The role of leadership
The health system in twenty years’ time will be a place where today’s intelligent solutions and technological innovations have been exploited to their full; where multiple providers share responsibility for keeping populations healthy; and where the individual plays a leading role in his or her own health management. Getting to this future state will require a new way of doing things, a leadership that encourages transformational change, and potentially a new pool of leaders whose skill sets reflect the challenges of the new health and social care landscape.
‘This was a unique opportunity to explore some of today’s really pressing health challenges with a room full of fresh minds - we all learnt from sharing our unique perspectives and ideas’
Tony Bell, Chief Executive, Chelsea and Westminster Hospital NHS Foundation Trust
Leading up to 2032, leaders will increasingly require skills to work across organisations and services, with a focus on delivering the overall vision of the system, rather than that of discrete organisations.

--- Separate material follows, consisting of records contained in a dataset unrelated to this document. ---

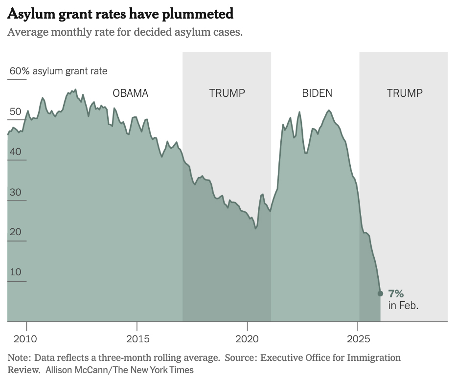 Asylum grant rates have collapsed: Under President Trump, asylum is now granted in just 7% of cases — a historic low, plummeting from over 50% rubber-stamped under Biden.
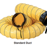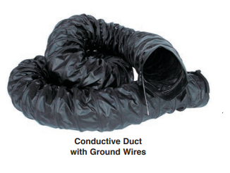 Key Details: • Standard duct yellow vinyl polyester • Conductive duct black vinyl polyester • 8” & 12” diameter with external wear strips – custom sizes up to 36” diameter available • Reinforced internal steel wire hoop – 5” pitch • 6” long attachment cuff, 8 ³⁄₈” or 12 ³⁄₈” diameter, with adjustable belt straps on both duct ends • 12” steel ground wire on both duct ends of conductive duct • Maximum temperature rating 180℉
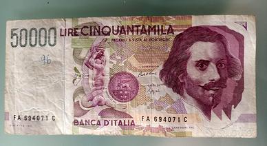 N°1 banconota da cinquantamila lire D.M. 27 Maggio 1992 a 50 euro in buono stato (scritta a penna sul davanti numero 96)
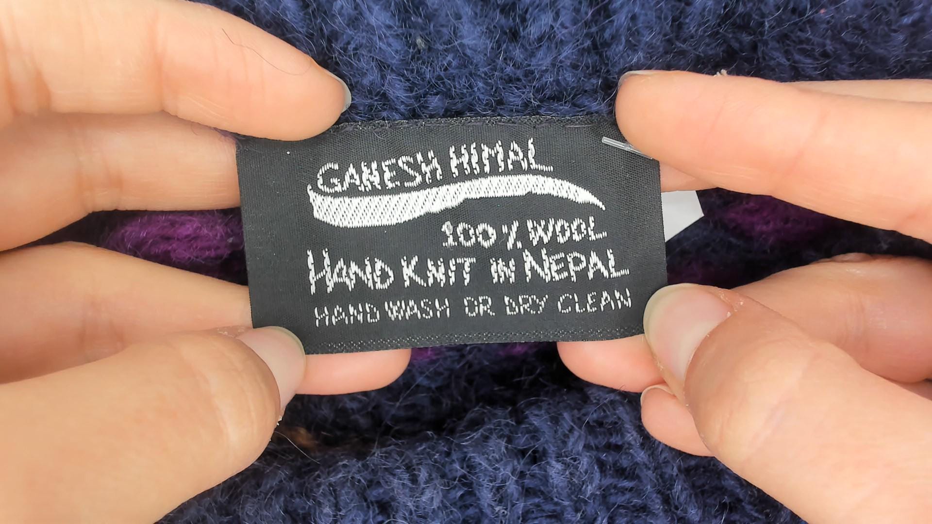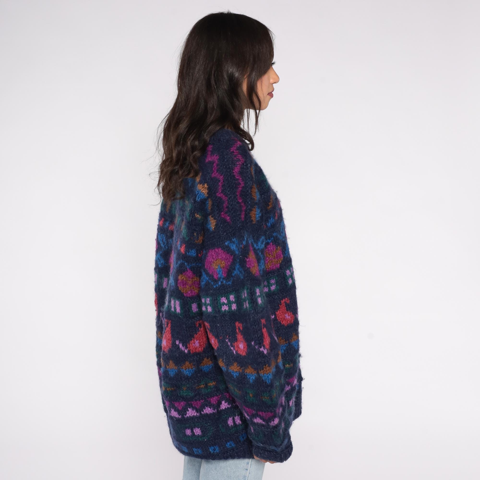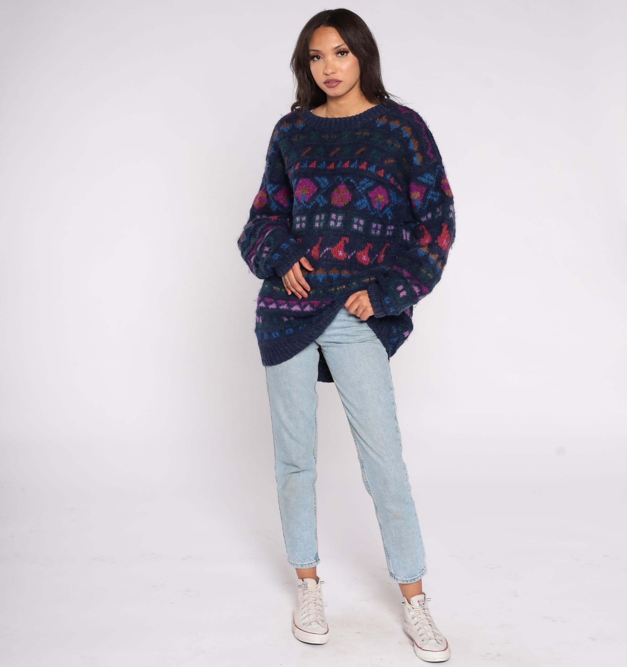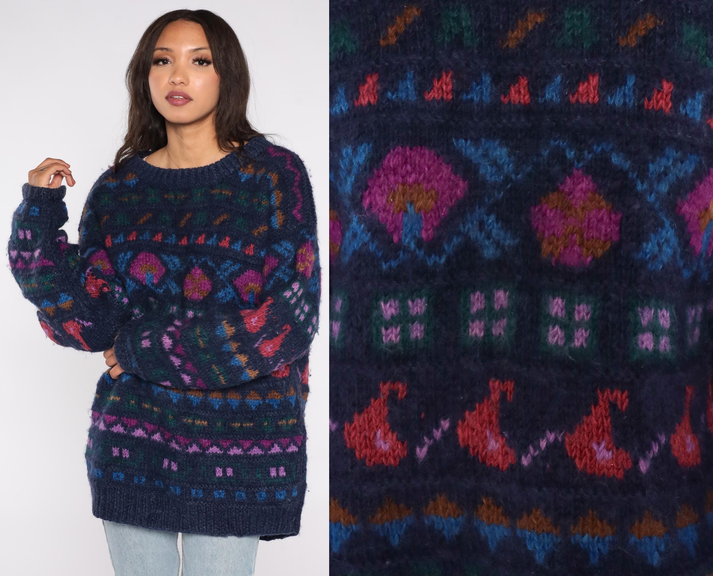 90s Ganesh Himal sweater hand knit in Nepal from 100% wool. Features a navy blue base with multicolor geometric Fair Isle pattern in shades of red, purple, green, and blue. Designed with a crew neckline, long sleeves, and ribbed cuffs and hem.
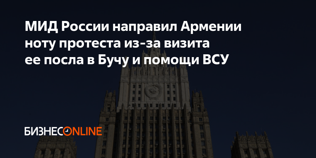 МИД России направил Армении ноту протеста в связи с передачей помощи на нужды вооруженных сил Украины в ходе посещения Бучи делегацией Еревана. Об этом сообщает РИА «Новости» со ссылкой на официального представителя министерства иностранных дел Марию Захарову.
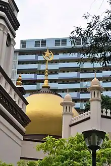 The Hajjah Fatimah Mosque (Malay: Masjid Hajjah Fatimah, Jawi:مسجد الحاجة فاطمة) is a mosque located along Beach Road in the Kampong Glam district within the Kallang Planning Area in Singapore. The mosque was designed in a mix of Islamic and European architectural styles, and completed in 1846. The mosque is named after an aristocratic Malay lady, Hajjah Fatimah, who commissioned its construction.[1]
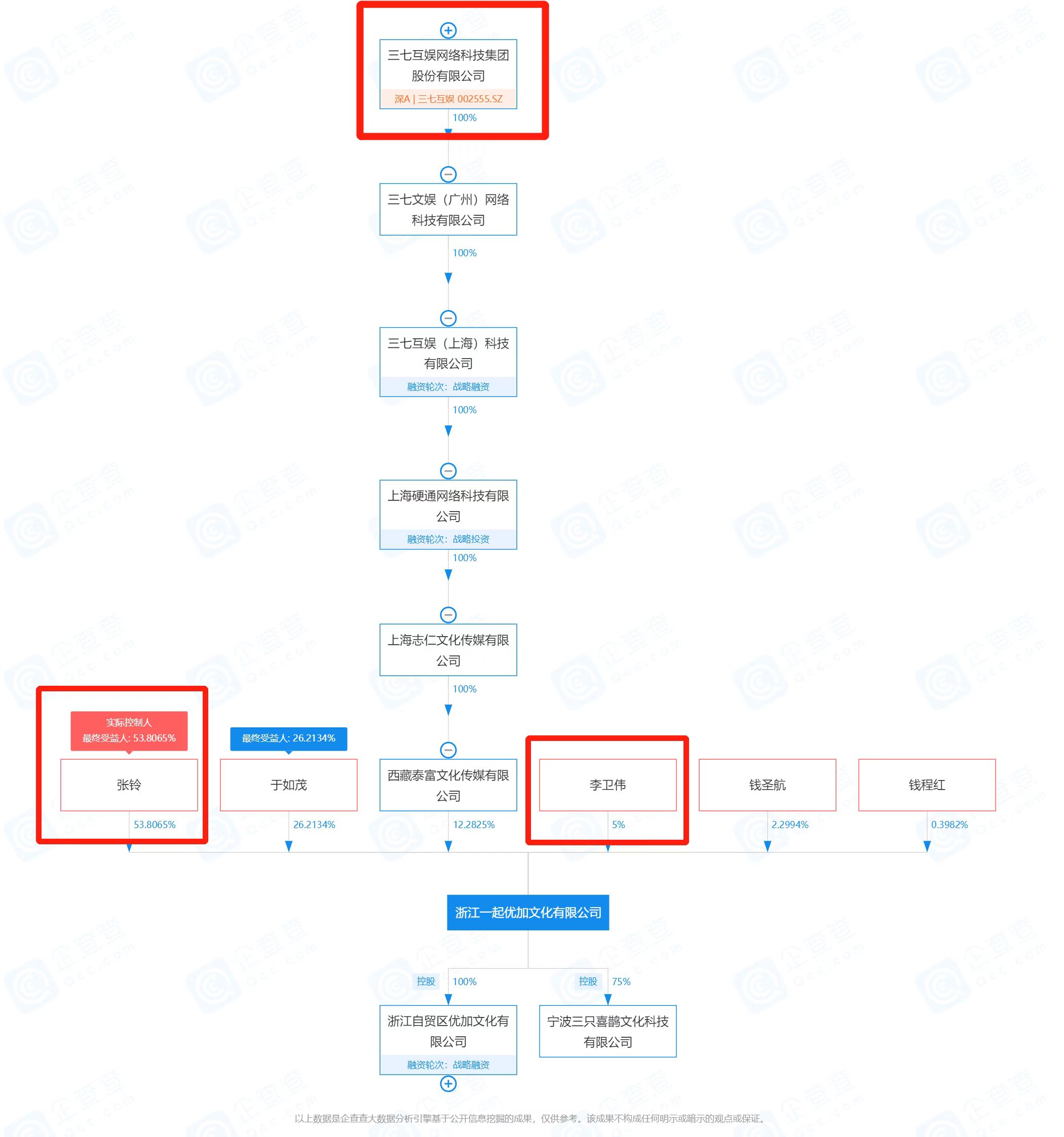 企查查股权穿透显示,张铃持有该公司约53.8%股份,为公司最终受益人。值得关注的是,三七互娱网络科技集团股份有限公司与三七互娱创始人李卫伟均持有该公司股份,共计约17.28%股份。
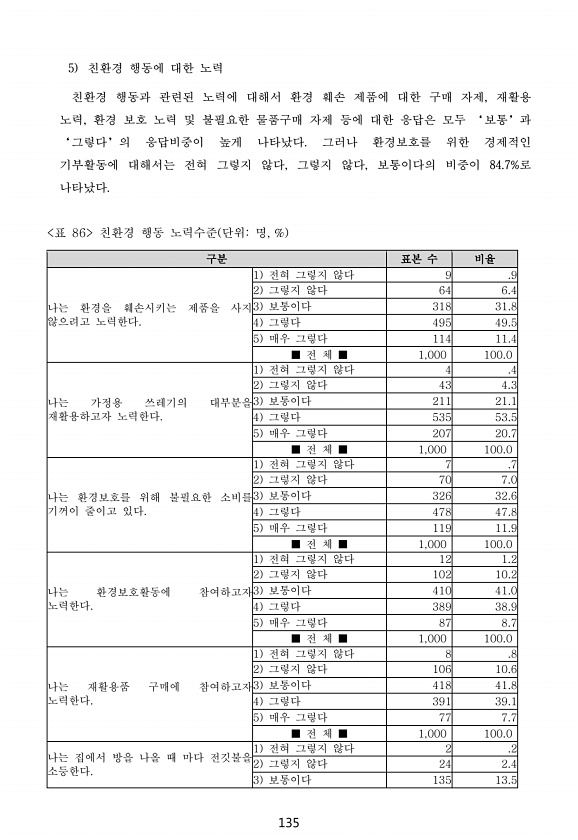 135 5 친환경 행동에 대한 노력 친환경 행동과 관련된 노력에 대해서 환경 훼손 제품에 대한 구매 자제, 재활용 노력, 환경 보호 노력 및 불필요한 물품구매 자제 등에 대한 응답은 모두 ‘보통’과 ‘그렇다’의 응답비중이 높게 나타났다. 그러나 환경보호를 위한 경제적인 기부활동에 대해서는 전혀 그렇지 않다, 그렇지 않다, 보통이다의 비중이 84.7%로 나타났다. 표 86 친환경 행동 노력수준 단위명, % 구분 표본 수 비율 나는 환경을 훼손시키는 제품을 사지 않으려고 노력한다. 1 전혀 그렇지 않다 9 .9 2 그렇지 않다 64 6.4 3 보통이다 318 31.8 4 그렇다 495 49.5 5 매우 그렇다 114 11.4 ■ 전 체 ■ 1,000 100.0 나는 가정용 쓰레기의 대부분을 재활용하고자 노력한다...
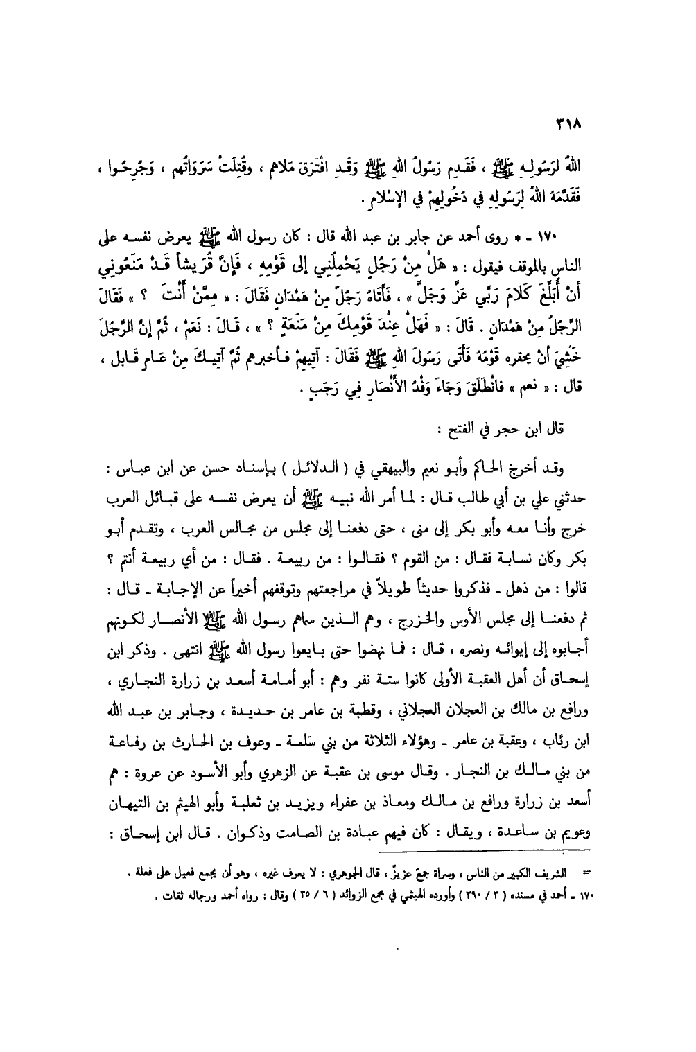 170 - * روى أحمد عن جابر بن عبد الله قال: كان رسول الله صلى الله عليه وسلم يعرض نفسه على الناس بالموقف فيقول: "هل من رجلٍ يحملني إلى قومه، فإن قُريشاً قد منعوني أن أبلغ كلام ربي عز وجل"، فأتاه رجلٌ من همدانٍ فقال: "ممن أنت؟ " فقال الرجل من همدان. قال: "فهل عند قومك من منعةٍ؟ "، قال: نعم، ثم إن الرجل خشي أن يحقره قومه فأتى رسول الله صلى الله عليه وسلم فقال: آتيهم فأخبرهم ثم آتيك من عام قابل، قال: "نعم" فانطلق وجاء وفدُ الأنصار في رجبٍ.

Whilst general management may continue to provide a rich pool of talent, leaders may increasingly come from clinical routes in the future, applying frontline experience of service delivery to shape the future landscape of provision.
The potential held by today’s leaders is to give power to the innovators - to drive through evidence-based medicine but also to legitimise a degree of trial and error, and to sanction an exploratory approach to development that draws upon the dynamic and nimble approach to adaptation displayed within, for instance, military health. It is this same ability to adapt and change that today’s leaders can demonstrate, leading the NHS into a new era of responsiveness to be inherited by the enthusiastic health minds that are emerging from discussions such as this one.
Continuing the tradition
This whole process has been about leading change by inspiring today’s fresh minds. Through it, we have also seen how powerful it can be to bring emerging and established leaders together to create a dynamic, two-way debate. As the competition and seminar have demonstrated, by giving emerging leaders an opportunity to work together, we can encourage and inspire fresh thinking about some really difficult issues. I am particularly pleased to see the way people from clinical and general management backgrounds have come together to share and develop their perspectives. We are repeating this process again this year, with full information about Finnamore’s 2013 Future Leaders competition on the Finnamore website (closing date 31 October 2013). We look forward to receiving another tranche of innovative and inspiring submissions, and to building on this exciting debate between today’s and tomorrow’s leaders.